Aristotle was one of the greatest philosophers of the time and he was tasked by Alexander‘s father Philip II of Macedon, to educate the 13 year old prince. Aristotle kept Alexander for three years under his tutelage and made Alexander well verse in politics and world affairs.

Alexander was born to Philip II of Macedon and Olympias who was the daughter of Neoptolemus I, king of the Molossians, an ancient Greek tribe in Epirus.

He was technically at the same time, the King of Macedonia, Pharaoh of Egypt, King of Persia, and King of Asia.

Alexander took the throne of Macedonia when he was 16 years old.

Alexander the Great had heterochromia and one of his eyes was blue and the other was brown.

The only other teacher who impressed the young prince was Diogenes the Cynic, who had a reputation of rejecting niceties and even slept in a huge jar.

This trait of indulging with great philosophers did not end and during his conquest of the Hindukush and Western India he held lengthy discourses with Hindu thinkers and Jain philosophers who had eschewed all worldly possessions including their clothes.

In his long and tedious 15 years military campaign, he never lost any battle.

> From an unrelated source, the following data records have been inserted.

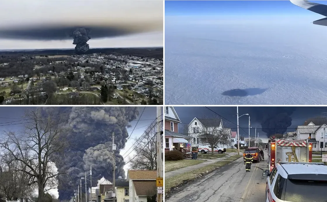 EXCERPT: “Major media cover-up in Ohio! The 50+ car derailment caused a huge amount of toxic chemicals to leak. The authorities began burning the chemicals to avoid an explosion. Now megatoxins are Chernobyling Ohio…
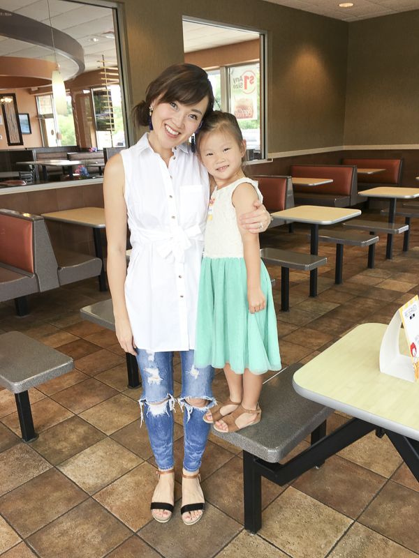I didn’t have time or the mental capacity to plan her birthday party this year. You can read about what’s been keeping us busy here if you missed my post recently which also shares where we are in the fostering timeline. Anyhow, one day while we were having a play date at our local McDonalds, one of my friends said, “look, those tables are reserved. It looks like there’s a party.” I immediately went up to the front and asked if they had parties because I had no idea you could do that. I booked the party right then and there and decided she was having a last minute party with a few friends at McDonalds. Recently, my friends and I started taking our kids to one near our house and it has become one of our favorite hang out spots. Any place that has a large and CLEAN indoor playground with nice AC during the dog days of summer is definitely a winner in my book. Plus, hello deliciously cheap ice cream cones and $1 large unsweetened tea. I know I’m southern but I can chug that unsweetened tea like it’s nobody’s business.
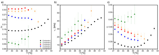 Temperature dependences of the dielectric increment, Δε (a); relaxation frequency, νr (b); and distribution parameter of relaxation time, α (c) of the relaxation process registered in the crystal phase. Due to the overlapping of two processes for Composite 2, the parameters were subject to large uncertainties. The legend in graph (a) is the same for all graphs.
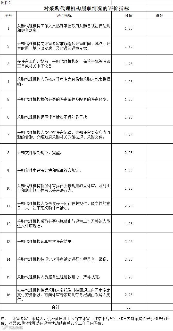 2.日常履职能力评价满分为25分,由评审专家、参与采购活动的供应商和采购人分别独立打分后,按平均数计算得分,一个自然年度内没有代理政府采购项目的采购代理机构得分为0;
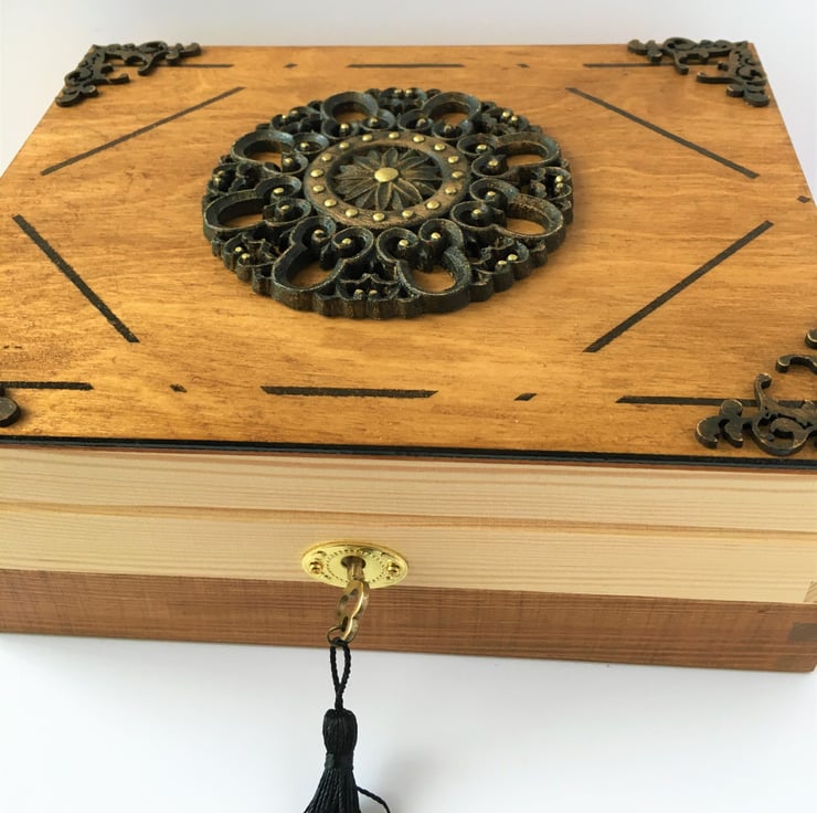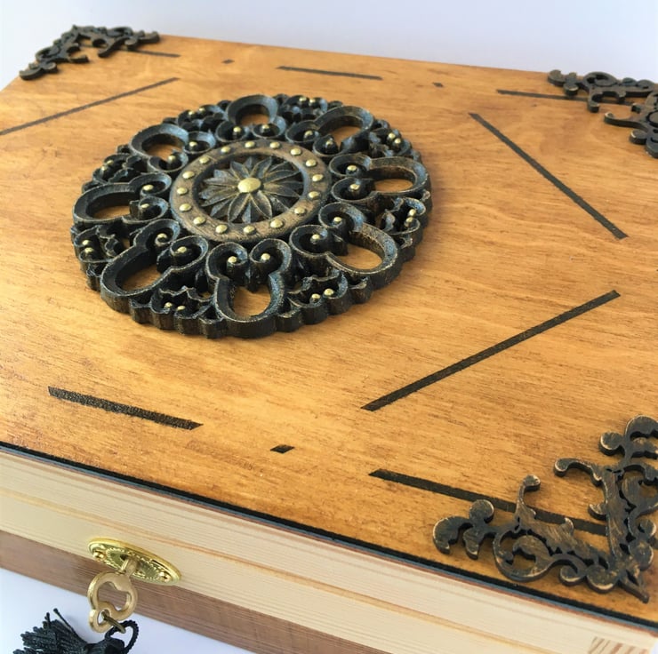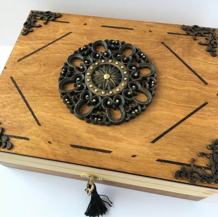 LOCKABLE Wooden Decorative Box with Wooden ON-LAY and 6 dividers by Livz Design
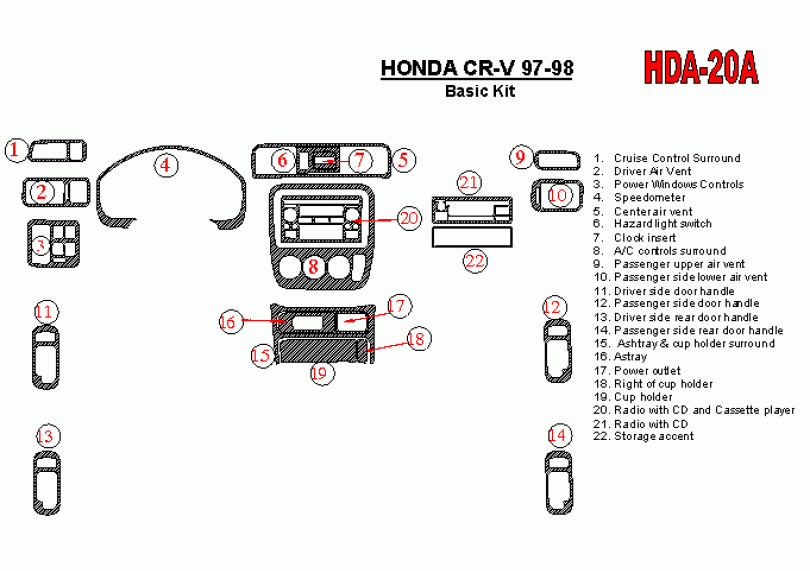 Honda CR-V 1997 - 1998 Dash Trim Kit
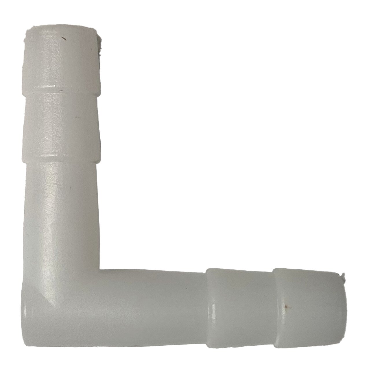 Elleboogkoppeling voor het maken van een haakse slangverbinding.\n\n• Geschikt voor slangen van 9/12 mm\n• Voorkomt knikken van de slang\n• Duurzaam kunststof

He is considered one of the best military tactician and his strategies are studied even today on military academies. His tactic of sending smaller well trained forces to break enemy lines before their enemies were ready has been tried by many military strategists of modern times.

He was held in high esteem by many future rulers and the likes of Julius Caesar, Mark Antony and Octavian; all made pilgrimages to Alexander the Great’s tomb in Alexandria.

He had a crack team of 15,000-strong Macedonian phalanx, whose units kept at bay the sword-wielding Persians equipped with 20-foot-long pikes called sarissa.

To make his conquests permanent and achieve control over his vast empire he constructed cities around forts and named the cities after himself, the most striking is Alexandria, which continues to this day.

Kandahar is a place in Afghanistan which when loosely translated means Alexander and it was one of the 70 cities which he helped to establish during his brief but momentous reigns.

He encountered the costliest victory in India and the battle was fought near the river Hydaspes and he founded a city named Bucephala, for his favorite horse, which was mortally wounded in the battle.

He met his future wife Roxanne, the teenage daughter of a Bactrian nobleman, when he was surveying the impregnable mountain fortress Sogdian Rock which he won in 327 B.C.

He was a great believer in personal hygiene and wore spotless clothes and shaved regularly to look tidier and avoid dangerous beard grabbing during combat.

He never attacked the city and the state of Sparta while he subdued all great kingdoms of the world in existence at that time.

Phillip II of Macedon sent an envoy to Sparta with an intimidating message: “If I win this war, you will be slaves forever.”

The Spartan’s replied: “If.” Both Phillip and his son Alexander the Great avoided Sparta entirely.

He was never averse to change and after his victory in Persia he started dressing like them and even had two Persian wives.

In his Indian campaign he came across war elephants for the first time and his army had to suffer great reverses against them in the battle with King Porus. Alexander did not dare to venture deeper into India against the kings of the Nanda Empire and Gangaridai could deploy between 3,000 and 6,000 war elephants if need be.

His decedents in both Afghanistan and Pakistan laid the foundation of the Greek speaking Buddhists from the 4th Century BC onwards. The amalgamation of Greek culture and Budhist art was very striking including the stylization of the curly hair known as the “Toga”

Alexander was an epileptic but his seizures and convulsions were considered a sacred disease as if god or spirits came into his body.

He came face to face with a 14 year old Chandragupta Maurya who by the age of 20 was able to forge his empire across Northern India and unify the entire continent. He also later defeated Selecues who was appointed administrator by Alexander of the Conquered territories in the east. He later married his daughter Helena.